Results & Trends VI: Life in the Gulf – good, bad, ambivalent?

By Caroline Osella|June 8, 2019|project outputs, project results and findings, Uncategorised, Uncategorized|0 comments

3 periods of Kerala fieldwork over 2 years. 84 respondents. Mixed ages, provenance, community and class, different migration destinations.

Responses: is Gulf life mostly +ve, mostly -ve? (Allowing for ambivalent & ‘mixed’ responses).

Here’s some quotes from interviews in which respondents explained or justified their evaluation of Gulf life as positive, negative or ambivalent and often compared it to life in Kerala.
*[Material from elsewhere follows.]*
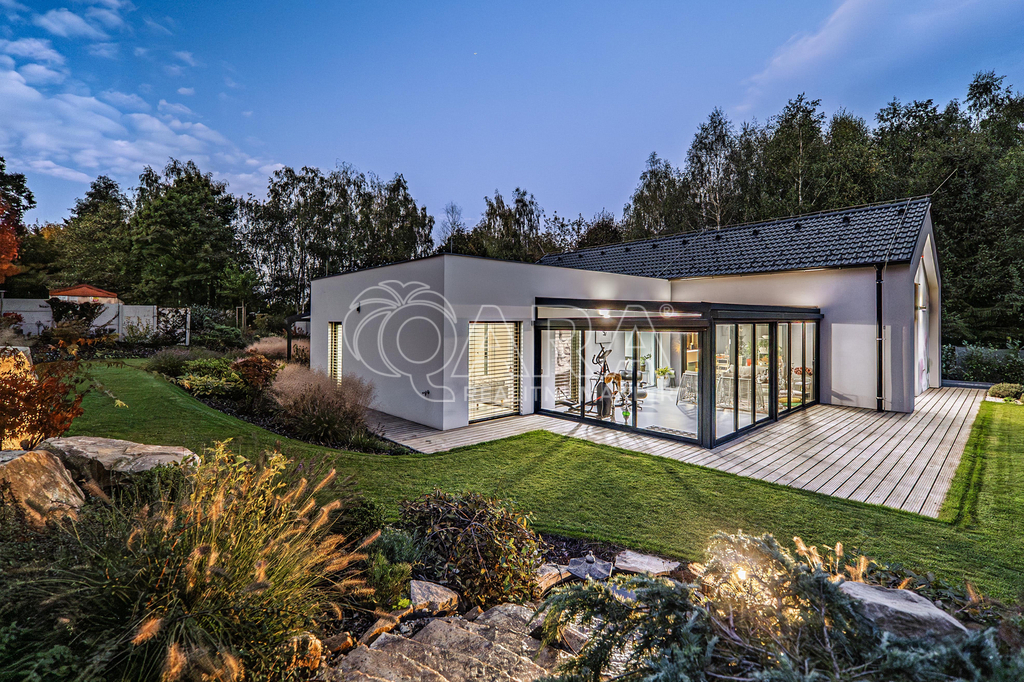 Dispozičně je dům řešen jako 3+kk, rozšířený o celoročně obyvatelnou zimní zahradu, která vytváří komfortní uživatelské 4+kk.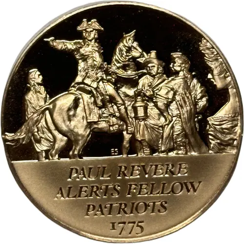 | Opis líce | ES PAUL REVERE ALERTS FELLOW PATRIOTS 1775 |

‘There’s no communal problem in the Gulf. I’m the only Hindu in my team, but we all get on and we never feel a problem. Even in Ramadan we don’t feel a problem.’

‘Here in India there is too much inequality. Very very very rich people; very very very poor people. Some live in luxury, many are starving; India will never come up until they fix that.’

‘In Kerala, there is too much drink, drugs and illicit sex, all under cover. For me, personally, that’s a temptation, and I like to be in a place where it’s not the culture’.

‘You can’t have a drink or enjoy your life in the Gulf.’

‘When you see India, you will see the worst corruption of Indian culture, young people in India are full on in using drugs and drink, but here, not so!’

‘My dad has been a cook in a restaurant for twenty years in the Gulf, I’m amazed how he can stick it. ‘Even Gulf migrants are saying, “don’t dream of coming to this place” ‘

‘I would have enjoyed Gulf if my family were there, but still Kerala is better’

‘Kerala is not India, Kerala culture is very nice.’

‘In Kerala, they carry migrant workers in a pick-up truck like sand or stones, and in UAE people are not allowed to be carried in a pick-up truck’ ‘In Gulf labour camps there are minimum standards for living conditions – I’ve lived in a labour camp and they even have flush toilets –  in Kerala we give migrant labourers a bucket and nobody cares about them’

‘Kerala’s communal harmony has deteriorated and ghettos have grown (ie. ethnic enclaves) but thank God the flood brought people back together’

‘Our country is best, so long as we have a job and a house’

 ‘Here is a very very important point. Anyone who stays for 5 years (in the Gulf) will never come back. You get used to the Gulf life. Clean, orderly, peaceful and easy’.

‘My reference point is Europe or USA, not Turkey or Qatar. There is a quality gap in Gulf’.